Katie McLaughlin, 23, a bartender at O’Malley’s On Fourth, said that all of the doormen must take a class through the liquor department to ensure they are trained to spot a fake ID.

McLaughlin said she and other bartenders at O’Malley’s catch most fake ID users during the weekend and only occasionally during the week.

“”It pretty much happens every Thursday, Friday and Saturday night,”” she said.

McLaughlin said O’Malley’s uses procedures similar to Gentle Ben’s to deal with fake IDs.  

“”We do not give it (the ID) back to them under any circumstances,”” she said.

With a grant from the Arizona Governor’s Office of Highway Safety to deal with alcohol and underage drinking, the University of Arizona Police Department aims to show the safety and legal risk involved in using false IDs to get into these bars is far more expensive than the potential bar tab.

Once the use of a fake ID has been reported, police can do either one of two things, according to Sgt.

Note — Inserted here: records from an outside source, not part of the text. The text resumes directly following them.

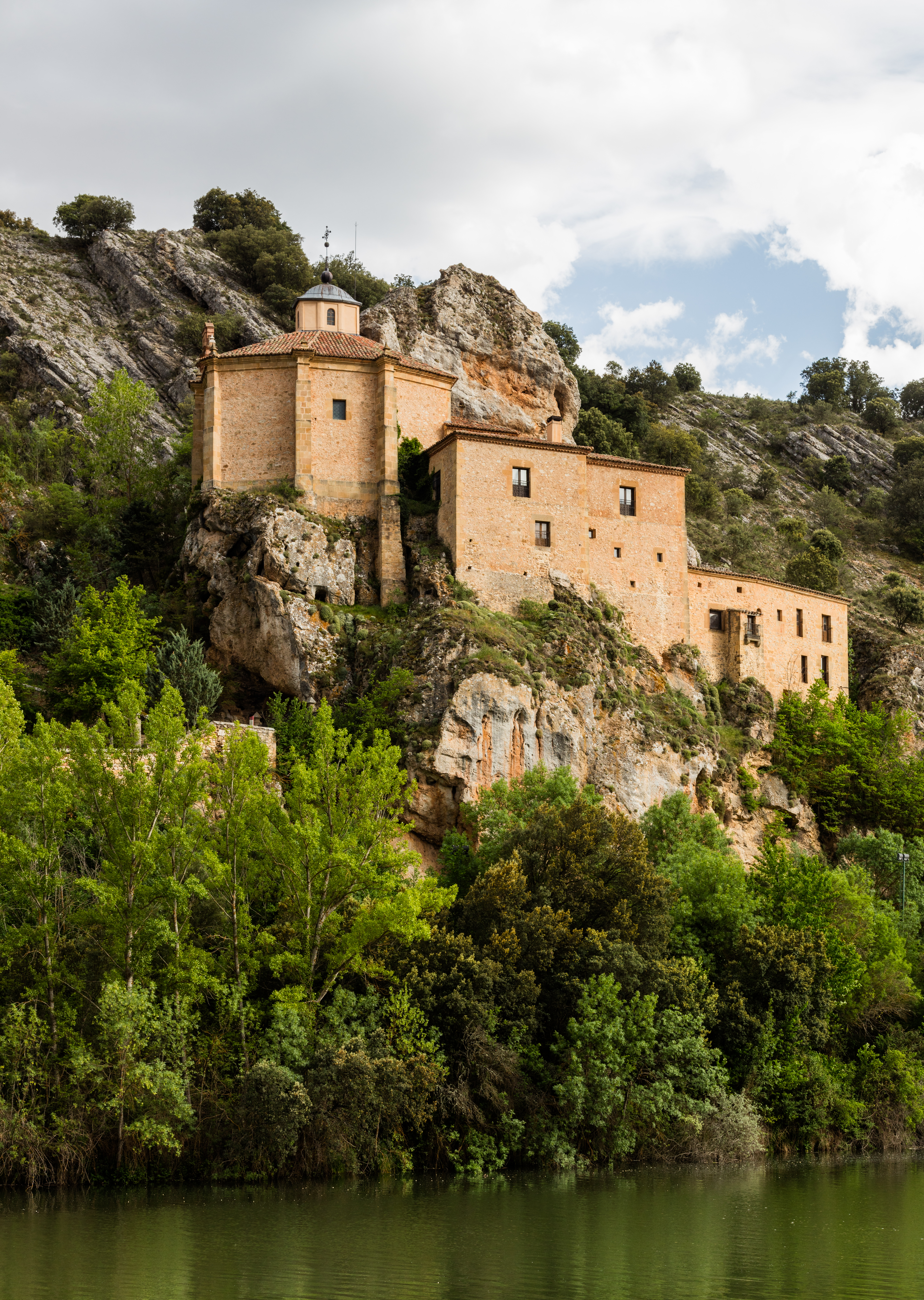 Hermitage of St Saturio, Soria, Spain
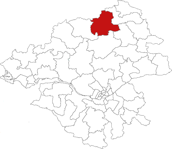 Map of canton of France : Canton de Derval, Loire-Atlantique, France
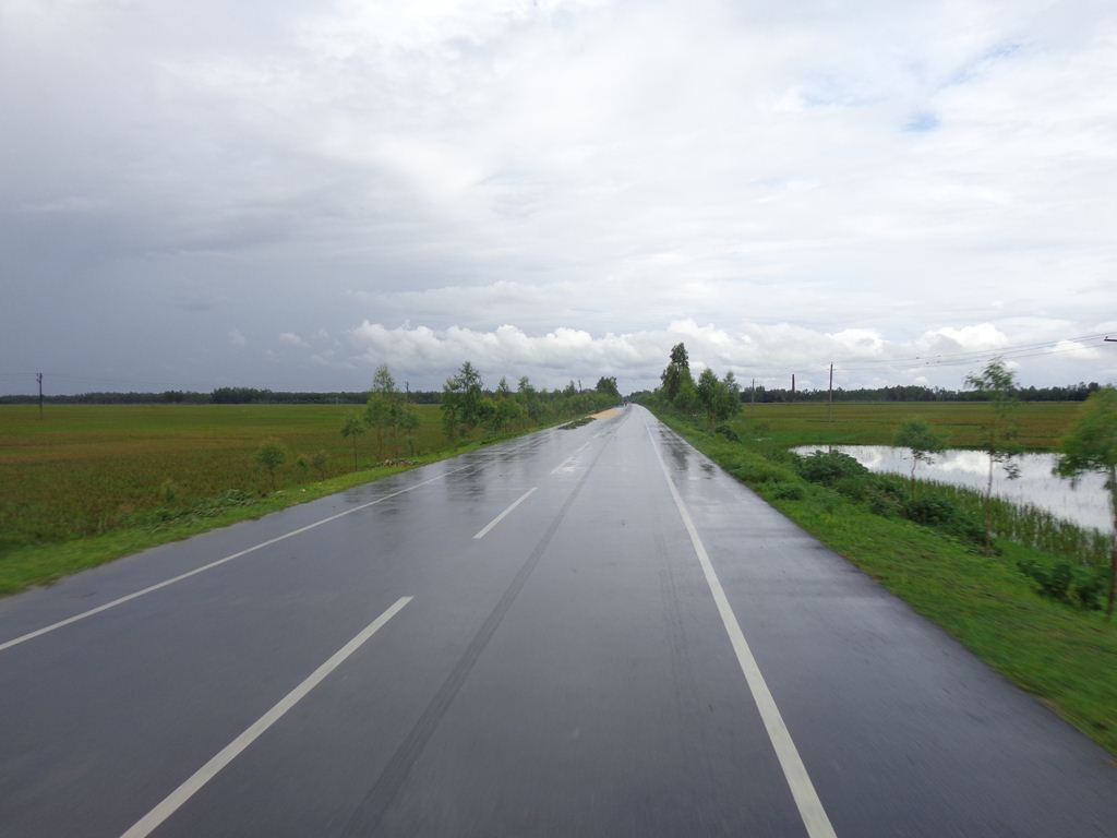 place dinajpur highway.

Juan Alvarez, UAPD public information officer. The person can be cited and released, as usually happens with students, or they can be arrested and booked into jail for a misdemeanor charge.

A person caught trying to use a fake ID could be charged with a Class 2 misdemeanor and receive a maximum of four months in jail and a fine of no more than $750. They could also be charged with a more serious Class 1 misdemeanor, with a maximum of six months in jail and up to a $2,500 fine can be imposed for the charge.

“”It all depends on the judge,”” Alvarez said.

In regards to underage drinkers faking their way into nearby bars, Josh Davis, 22, a junior business major, said he has seen bar employees ask a variety of questions to test the card holder’s true identity.

There’s some (bartenders) that ask what your astrological sign is. The person really has to make sure they know all the information on it,”” Davis said.

Alvarez said it is common for police to see students returning to campus after hitting the bars. He gave the example of finding separate identifications for two different people in the same wallet, after stopping a person for a law violation or probable cause. The same misdemeanor charges can be applied.

UAPD can’t always be on the case.

“”People at the bars have the right to refuse service to anyone … We just simply don’t have the time to be at every bar, every weekend,”” Alvarez said. “”We try to avoid acting as an ID checking service.””  

He added that UAPD needs officers ready to respond to all other issues in order to provide the best service to the community. Tucson Police Department often responds to fake ID cases, depending on the scenario and location.